561.4
Between Ambition and Reality: The Role of Gender Representation Rules in European Scientific Advisory Councils

Saturday, July 19, 2014: 11:25 AM
Room: 302
Oral Presentation
Alison E. WOODWARD , Institute for European Studies, Vrije Universiteit Brussel, Brussels, Belgium

Research Councils are crucial gatekeepers to academic power. Substantial research indicates that gender skewed scientific advisory and review boards play a role in the underrepresentation of women receiving scientific grants.  Since the mid-nineties many European scientific advisory bodies have adapted guidelines about the gender composition of their panels, either compelled by national legislation and European directives or voluntarily.

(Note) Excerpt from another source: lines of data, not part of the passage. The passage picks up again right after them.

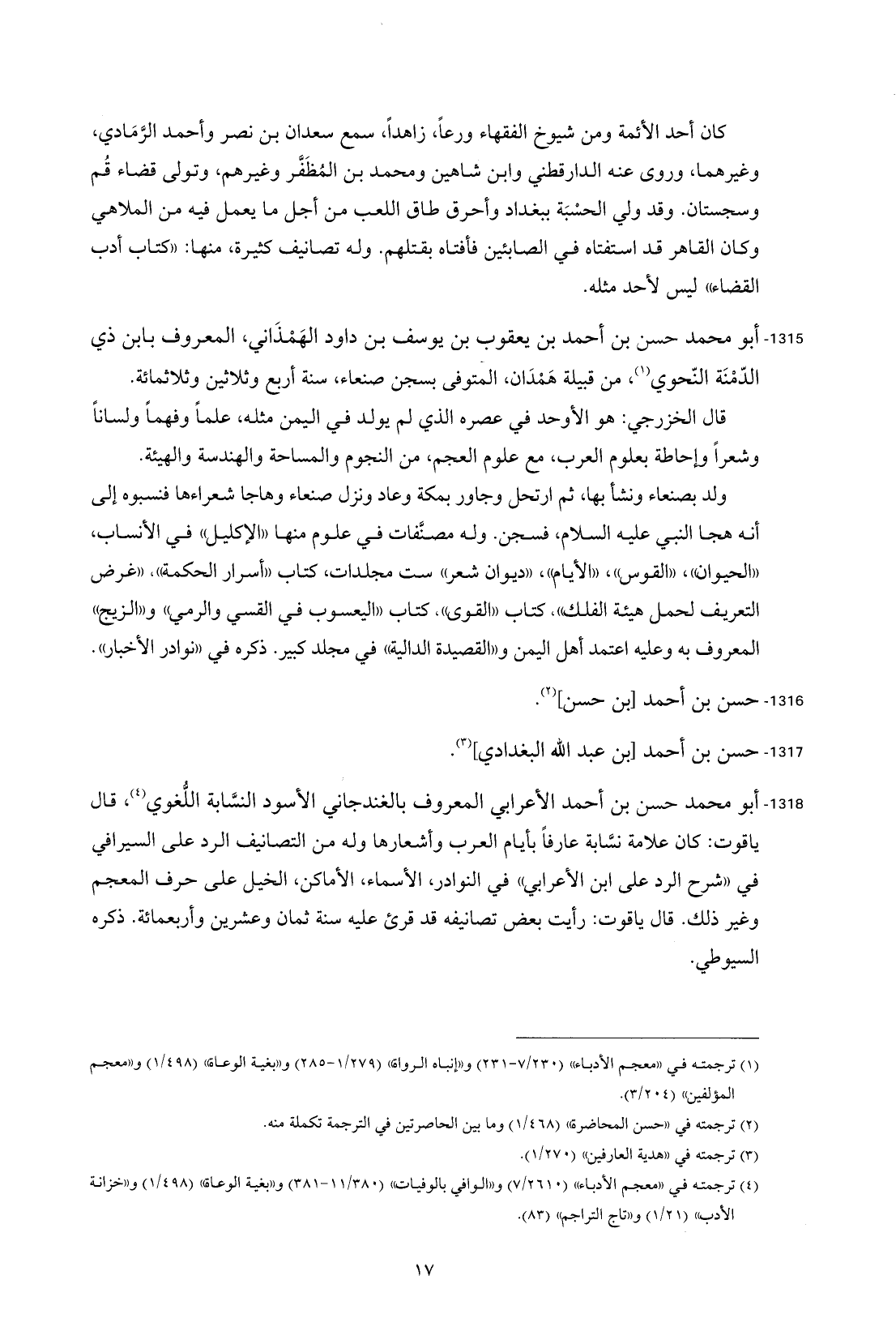 1315 - أبو محمد حسن بن أحمد بن يعقوب بن يوسف بن داود الهمذَاني، المعروف بابن ذي الدّمنَة النّحوي (¬1)، من قبيلة هَمْدَان، المتوفى بسجن صنعاء، سنة أربع وثلاثين وثلاثمائة.
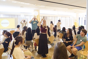 次は日本でもお馴染みの「伝言ゲーム」。ただし、日本語だけでなく英語、中国語、ドイツ語など難易度がアップ!日本語や英語はスムーズでも、中国語やドイツ語では苦戦する場面も。不正解でも笑いが起こり、会場は終始賑やかでした。
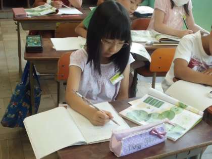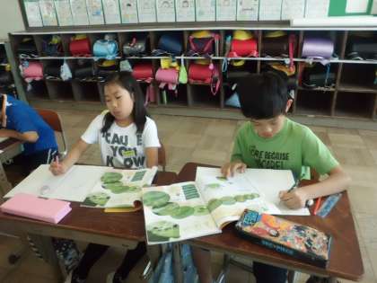 今日はモンシロチョウのよう虫の観察をしました。教科書と見比べながら,気がついたことなどを書きました。丁寧に色がぬれたかな?
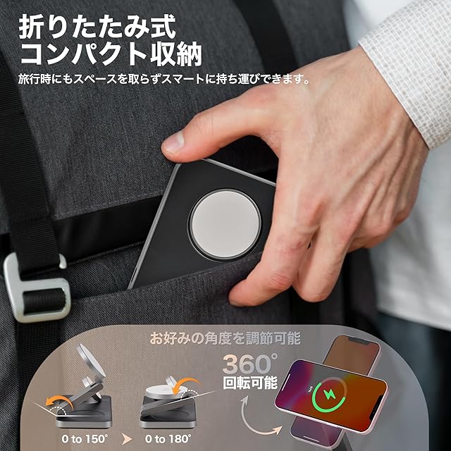 【持ち運び便利 & 角度調節可能】折りたたみ式デザインでコンパクト収納。旅行時にもスペースを取らず、スマートに持ち運びできます。横向きでも縦向きてもご利用可能、お好きな角度で充電しながらスマホ操作ができます。
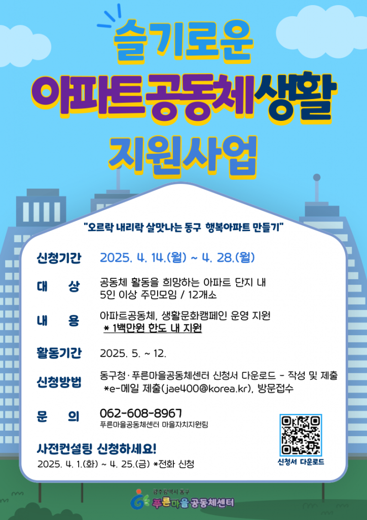 아파트 입주민 5인 이상이 모인 공동체라면 신청이 가능하며, 접수 기간은 14~28일이다. 이메일 및 현장 접수를 받으며, 자세한 내용은 동구청 및 푸른마을공동체센터 누리집을 통해 확인하면 된다. 궁금한 점은 푸른마을공동체센터 마을자치지원팀으로 문의하면 된다.
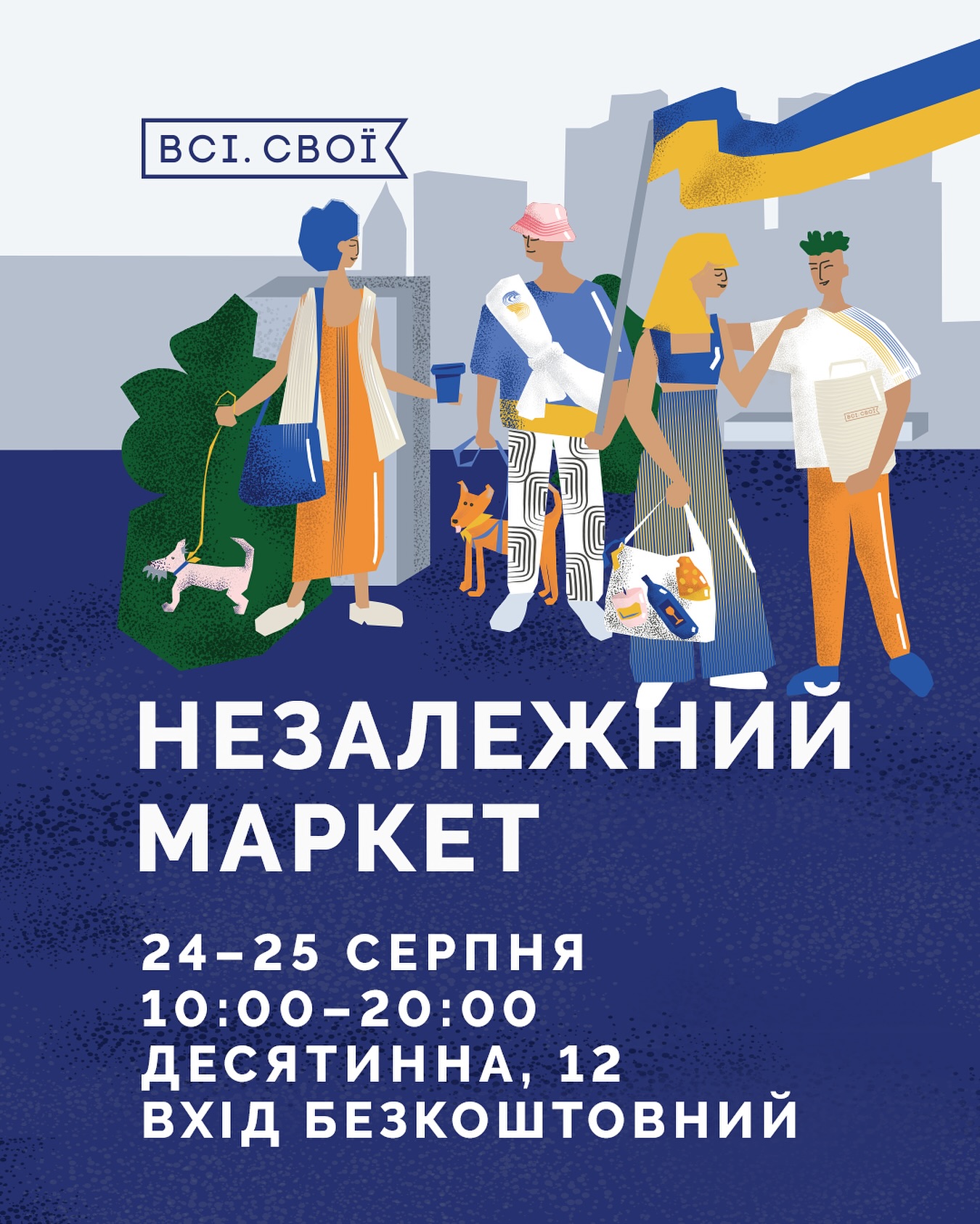 Команда "Всі. Свої" збирає локальних виробників на Незалежний маркет! П'ять поверхів локації заповнять майже дві сотні брендів. Вони презентують декор для дому, текстиль, кераміку, канцелярію та сувеніри, гастрономію, одяг та аксесуари. А ще — патріотичне вбрання та багато інших тематичних виробів, присвячених Україні.
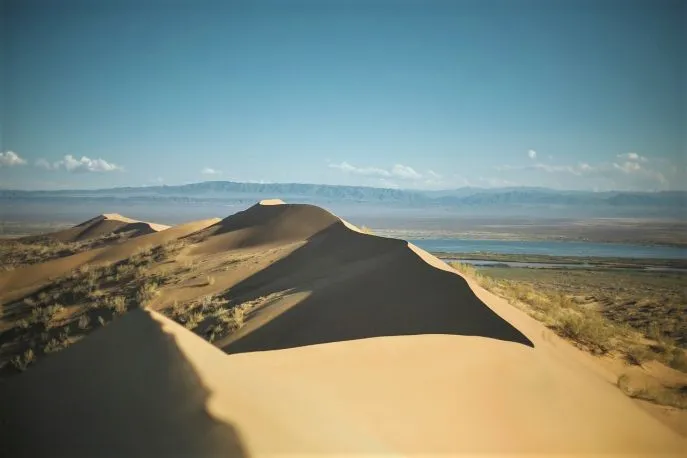 Na twee dagen op de pistes begint uw rondreis door Kazachstan. U verlaat Almaty en rijdt naar het Altyn Emel National Park. Bij aankomst in het dorp Basshi (Kalinino) wordt u naar het hotel gebracht waar u kunt inchecken. Vervolgens rijdt u naar de Singing Sand Dune. De zingende duin bestaat uit twee zandbergen van ongeveer 150 meter hoog. Grappig genoeg stellende de meeste mensen zich het geluid van de zingende duin als een zacht en rustig melodietje voor. Niets is minder waar - bij zonnig en winderig weer produceert de duin een geluid dat vergelijkbaar is met dat van een brullende reactor. Een zeldzaam fenomeen! Eenmaal op de top kunt u van het uitzicht genieten over het Altyn Emel park en een wandelingetje maken.
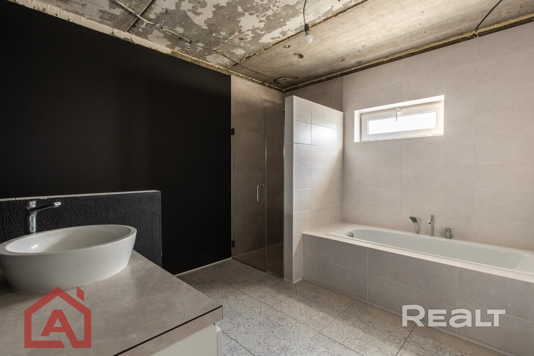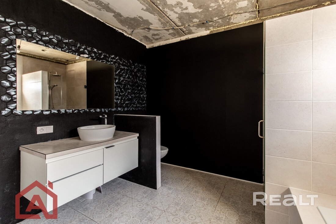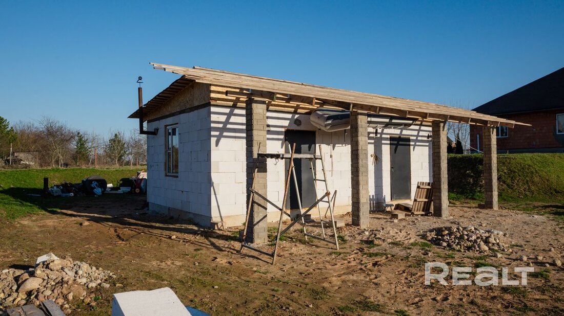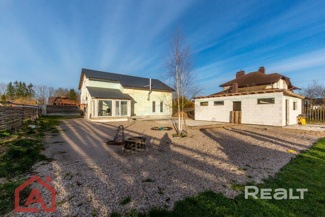 Коттедж под отделку – это двухэтажный дом на 200 квадратов с монолитным фундаментом, остеклен, накрыт металочерепицей. Первый уровень распланирован и возведены межкомнатные стены. Второй – просторный, высокий мансардный этаж. К дому идет отдельный рукав газа, электричество подведено в дом 380В, устройство канализации/септика – с учетом индивидуальных потребностей. Есть купленные строительные материалы, что будут переданы новому собственнику.
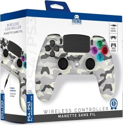Den trådløse controller til PS4 med 3,5 mm jackstik i "LED-White Camo" design fra Freaks...

European Union scientific review boards are supposed to be composed at the 40%/60% level, for example.  However the adaption of guidelines and the implementation and monitoring of guidelines are not always linked. Quota’s  generate controversy, even among female scholars.  Further, the re-alignment of the European Research Area may mean that ambitions of representation become lost thanks to neo-liberal arguments about an undefined and ambiguous concept of ‘excellence.’  This paper documents the present state of affairs in terms of regulation, the resistance to quota regulations and the extent to which there is compliance with regulations in the composition of panels and management.  The implications for research councils and gender equity in decision-making will be discussed.  Contextual and structural factors of legislation, leadership, peer pressure, Europeanization, monitoring and bureaucratic capacity are identified as contributing to differing outcomes. Concretely, the paper treats the major European players in transnational funding and management:  European Science Foundation, the nascent Science Europe, the European Research Council and the Commission of the European Union.